In memory database perform most of their operations on data stored in computer memory. Many products support hybrid modes where some data is stored in memory and other data stored on disk. For persistence data is usually written back to disk at some point, although this too is becoming faster as SSD is increasingly used. Performance is the big advantage of these databases, and as memory becomes cheaper and servers address a terabyte and more of memory, so in-memory databases will become more commonly used. SAP, IBM and Oracle all have in-memory databases and have not been explicitly listed below – they will mainly be of interest to larger organisations with investments in the respective technologies.

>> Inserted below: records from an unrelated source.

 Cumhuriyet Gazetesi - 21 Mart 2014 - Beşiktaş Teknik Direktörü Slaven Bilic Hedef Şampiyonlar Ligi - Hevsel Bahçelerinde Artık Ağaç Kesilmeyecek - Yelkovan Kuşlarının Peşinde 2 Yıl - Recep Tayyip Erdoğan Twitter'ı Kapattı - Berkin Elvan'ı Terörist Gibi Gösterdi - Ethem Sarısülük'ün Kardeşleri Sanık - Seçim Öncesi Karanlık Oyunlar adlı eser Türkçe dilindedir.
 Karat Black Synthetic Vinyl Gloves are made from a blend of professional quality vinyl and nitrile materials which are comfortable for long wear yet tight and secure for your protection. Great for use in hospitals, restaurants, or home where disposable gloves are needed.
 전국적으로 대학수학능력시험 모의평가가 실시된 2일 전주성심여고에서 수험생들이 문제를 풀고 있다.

Aerospike open source, NoSQL database, is a clustered and distributed database optimized for reliable, high performance in-memory use. Its primary key focus delivers scalable and robust no-single-point-of-failure clustering. Rich APIs include mem- cached’s CAS interfaces, schemaless types, in-database operations like increment, synchronous secondary indexes, efficient very large lists and maps, and expressive APIs for languages like Node.js, Java, Scala, PHP, C, C#, Go, and more. By also supporting analytics queries, real-time MapReduce, and in-database computation with user-defined functions, Aerospike provides rich database primitives.

Its use of Flash and SSD technology brings Redis-like in-memory performance to persistent, large-scale datasets, while also supporting RAM datasets. Cloud integration provides Aerospike performance and robustness in high scale environments like Amazon EC2, Google Compute, Internap, GoGrid, and others.

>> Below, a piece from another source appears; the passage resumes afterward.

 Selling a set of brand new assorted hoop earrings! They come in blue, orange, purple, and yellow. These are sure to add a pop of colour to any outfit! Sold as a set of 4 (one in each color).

Altibase provides two versions of its database technology – Altibase HDB (hybrid database) and Altibase XDB (Extreme In-Memory Database). Altibase HDB combines in-memory with on-disk processing and the option to operate exclusively in either mode, or as a hybrid. It supports stored procedures, triggers, record level locking, multi-version concurrency control and a variety of database connectivity standards (ODBC, JDBC .Net Provider, OLE DB, CLI). Compatible with all standard interfaces and programming languages (Java, C/C++, Precompiler, PHP, PERL, etc), and loaded with an abundance of tools and utilities for ease-of-use and enhanced productivity. Altibase XDB has been clocked at 1.5 million TPS and operates exclusively in-memory. It supports Direct Attach mode for extreme speed and Direct Call Interface for the highest speeds. A broad range of SQL standards are supported and is compatible with all standard interfaces and programming languages (Java, C/C++, Precompiler, PHP, PERL, etc). As with the HDB version it supports triggers, stored procedures, record level locking, and is ACID compliant.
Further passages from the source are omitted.